Theatermaker Freek Vielen merkte laatst op hoe links én rechts allebei de idee van de ‘wakkere burger’ nieuw leven lijken in te blazen.
‘Taken!’ Hoe ziet de wereld er nu uit, Ivanka? Hoe ziet de wereld eruit als de sluier van Maya plots voor je wordt weggetrokken en je de wereld ziet zoals ze écht is (en vergeef mij die ouderwetse metafysische metafoor van grumpy old Schopenhauer)?

Wacht. We moeten er rekening mee houden, Ivanka, dat sommige lezers geboren zijn voor het postmodernisme. We moeten er ook rekening mee houden dat sommige lezers geboren zijn na het postmodernisme. Dat zij dus The Matrix ofwel niet zagen ofwel enkel de memes kennen. Dus toch kort: Morpheus (‘Slaap’) wekt Neo (‘De Nieuwe Mens’, maar ook een anagram voor ‘The One’) uit de gerieflijke droomwereld die we ‘normaliteit’ noemen door hem voor een keuze te stellen: de blauwe pil (back to normal, terug naar de simulatie) of de rode pil: ontwaken uit de zoete slaap, en de bittere realiteit onder ogen zien.
Wist je trouwens dat ‘matrix’ tegelijk ‘baarmoeder’ én ‘getallenschema’ betekent? Wat op zich knap is: dat de titel van de film zowel verwijst naar de slijmerige werkelijkheid als naar de virtuele simulatie. En dat het dus steek houdt dat de aftiteling met vallende cijfertjes op de eindeloze rijen torens met opelkaar gestapelde doorzichtige ‘baarmoeders’ lijkt waar Neo van de wieg tot het graf ingeplugd zit in een Artificial Intelligence-monster (the matrix dus) dat hem een simulatie van de werkelijkheid inlepelt om hem eigenlijk als vleesgeworden (‘incorporated’) batterij te kunnen bezigen.
Als je het met wat afstand bekijkt, alles bij mekaar een volkomen zinledige perpetuum mobile. Een beetje zoals het leven zelf.
Mag ik je, voor ik verder ga, feliciteren met de 13 nieuwe Ivanka Trump Trademarks die je recent oprichtte? In China, of all places. Waaronder eentje voor baby-lakentjes en eentje voor doodskisten. Merkvast, van de wieg tot het graf. Ik verzin dit niet. Fictie kan de wereld al even niet meer bijbenen.
Maar ik loop vooruit op de feiten (of zijn het ‘de feiten’? Zijn er nog ‘feiten’? Zie je, Ivanka, dat bedoel ik met the rabbit hole). Even terug naar jouw juridische oprichting, zo’n 13 jaar geleden. Ik heb het nu even over jou als merk. Om eerlijk te zijn: ik kan amper geloven dat je ooit ook ‘in het echt’ geboren werd. De bloederige, vleselijke troep waarmee een mens ter wereld komt, ik kan het me bij jou gewoonweg niet inbeelden. Misschien omdat ik jou vooral ken als vele versies van diezelfde gebeeldhouwde, wassen gestalte op mijn google-image searchbrowser.

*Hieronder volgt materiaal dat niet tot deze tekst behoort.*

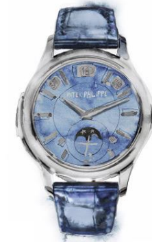
Blaues Wunder Minutenrepetition, Tourbillon und ewiger Kalender verbergen sich in Patek Philippes „Grandes Complications 5207“. Preis auf Anfrage. patek.com

Bloed en vruchtwater en slijm? Ik dacht het niet. Eerder stel ik me voor dat jij, zoals de godin Athena, in vol ornaat en helemaal afgewerkt, uit het machtige, oranje-helmboswuivende hoofd van je vader stapte, klaar om aan zijn zijde de wereld te bestieren, mensen in te pluggen in netwerken die hen via financiële schuld knechten, om hen tegelijk te betoveren met (naargelang het marktsegment) bladgoudglitter, stijlvolle pastelkleuren of babylakentjes.

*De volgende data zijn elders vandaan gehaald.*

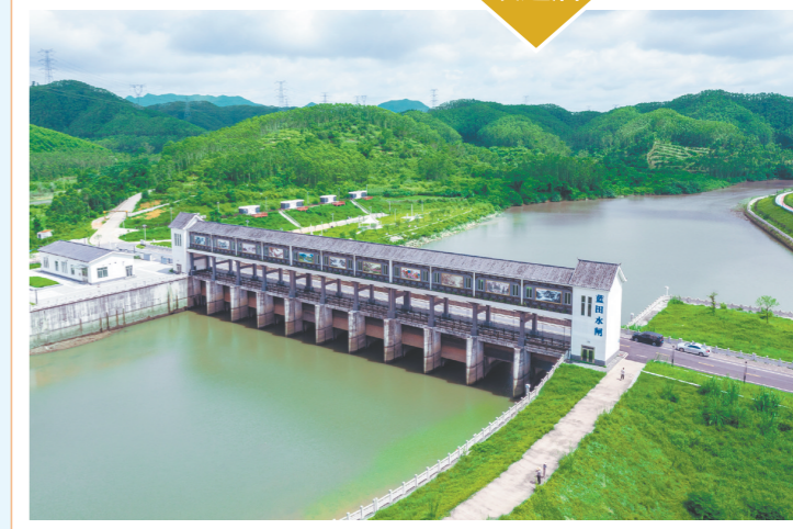
蓝田水闸惠及蓝田、大亨、元山、围边4个村约6705亩稻田的日常农业生产用水供给。

We zijn ongeveer even oud, Ivanka. Met dat verschil dat jij onsterfelijk bent en ik niet.
We zijn ongeveer even oud, Ivanka. Met dat verschil dat jij onsterfelijk bent en ik niet. Jij kan jezelf opdoeken en opnieuw in een veelvoud van trademarks oprichten, je kan stukken van jezelf outsourcen, repackagen, en onder die voortdurende flux van geldstromen, van vallende nulletjes en eentjes, blijf jij je onbeweeglijke, onbewogen zelve.
Je bent geboren in 1981, ik in 1980. Zag jij The Matrix ook in de zalen? De eerste natuurlijk. Nummer 2 en 3 verloren zich in de slijmerige realiteit van de compleet van de pot gerukte back-story. Maar hoe die eerste balanceert tussen slapen en waken, tussen simulatie en ‘werkelijkheid’ – sorry, maar ik moét daar aanhalingstekens rond zetten – hoe die eerste film alle truken van de filmmakerij uit de kast haalde om ons blindelings te doen geloven in een film die erover gaat dat we allemaal blindelings geloven in het Grote Simulacrum dat we op onze schermen zien?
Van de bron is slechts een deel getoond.